Hello. Staying in an apartment at present on CDS having driven from Caen in our motorhome, I would appreciate information on campsites on CDS and fees per month as looking at the campsite web sites no one seems to state what their long term fees are, or maybe I am having senior moments and not able to suss them out, am, unfortunately not very computor literate. Also, another query, has anyone in forum been to the Canary Islands with their motorhome, what are the sites like there, and ferry across to the islands, and where to go for the ferry. 

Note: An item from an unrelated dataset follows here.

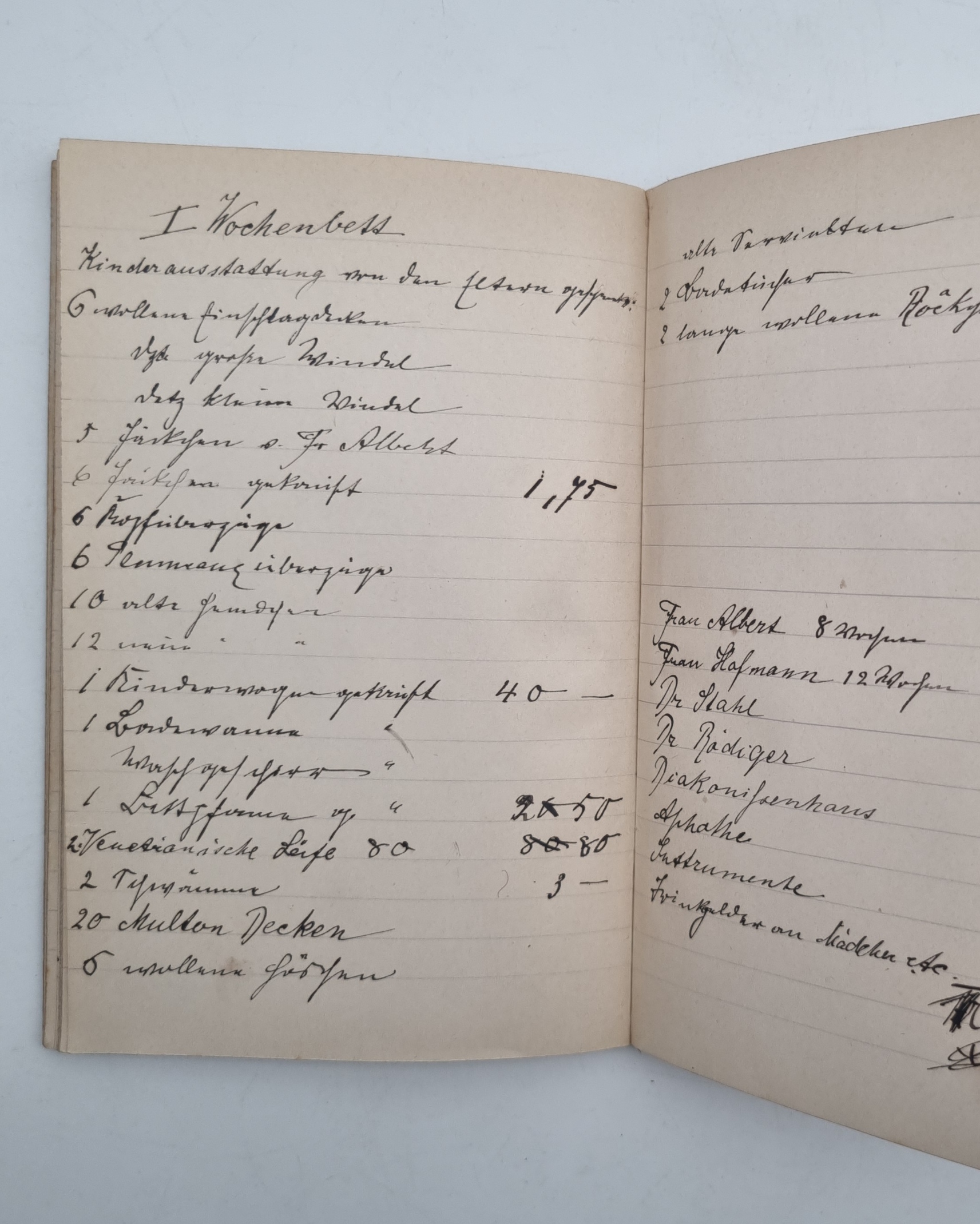 Ehlers, Anna (verh. Börsch): Ausstattung 1891. Deutsche Handschrift auf Papier. Ohne Ort [Hamburg], 1891. Ca. 15,5 x 10,5 cm. 29 beschriftete Seiten und einige leere. Halbleinenband der Zeit. Verzeichnis der Aussteuergegenstände und der Hochzeitsgeschenke. Anna Ehlers (1863-1932) heiratete 1891 den Pfarrer in Eschersheim Eugen Börsch (1859-1934). Anna Börsch korrespondierte wie ihr Sohn Rudolf mit Else Lasker-Schüler, ihre Tochter Lili wurde Kinderbuchautorin. Verzeichnet Wäsche aller Art, Kücheneinrichtung, Möbel, Wochenbett- und Kinder-Ausstattung. Interessant ist auch das Verzeichnis der Hochzeitsgeschenke. Kulturhistorisch interessant.

So far, with gratitude to the advice from the forum, we have made it to the CDS in our motorhome, would appreciate further information.

Many thanks


----------



## Classified (May 9, 2010)

Hi there is a park is Cabopino on the way to Marbella keep looking on your right for the sign after passing signs for Estepona, correct me if anyone else knows. No idea about costs though


----------



## VFR (Dec 23, 2009)

??? The Caravan Club is sure to have some recommendations online.


----------



## Pesky Wesky (May 10, 2009)

Babbs said:


> Hello. Staying in an apartment at present on CDS having driven from Caen in our motorhome, I would appreciate information on campsites on CDS and fees per month as looking at the campsite web sites no one seems to state what their long term fees are, or maybe I am having senior moments and not able to suss them out, am, unfortunately not very computor literate. Also, another query, has anyone in forum been to the Canary Islands with their motorhome, what are the sites like there, and ferry across to the islands, and where to go for the ferry.
> 
> So far, with gratitude to the advice from the forum, we have made it to the CDS in our motorhome, would appreciate further information.
> 
> Many thanks


You know Babbs, I've been thinking about this and I think in your shoes I'd get a list of possible campsites, which is easy enough, and just fire off an email, in English, to ask for their long term rates. I've looked at a few sites and you're right, they don't mention long stays. Perhaps there is no reduction against their usual autumn/ winter rates???????
You won't get a reply from all of them, but some of them should reply and it'll give you an idea.


----------



## Babbs (Oct 1, 2008)

Hello. Checked out Cabopino camp site, looks really nice however a bit pricey for our 'retirement' budget for a long term stay. Have found another site, Parque Tropical, not too far from Estepona and e100 cheaper per month! Looking at the long term rental sites for apartments it appears that you can rent one for quite a lot less than the campsite, problem is, parking for the motorhome! However if we venture into the campo it seems we can rent a finka for around the same price and have lots of parking space but have to negotiate country roads! Thanks to all for the advice, we have learnt so much from this site and from advice we have followed up on.


----------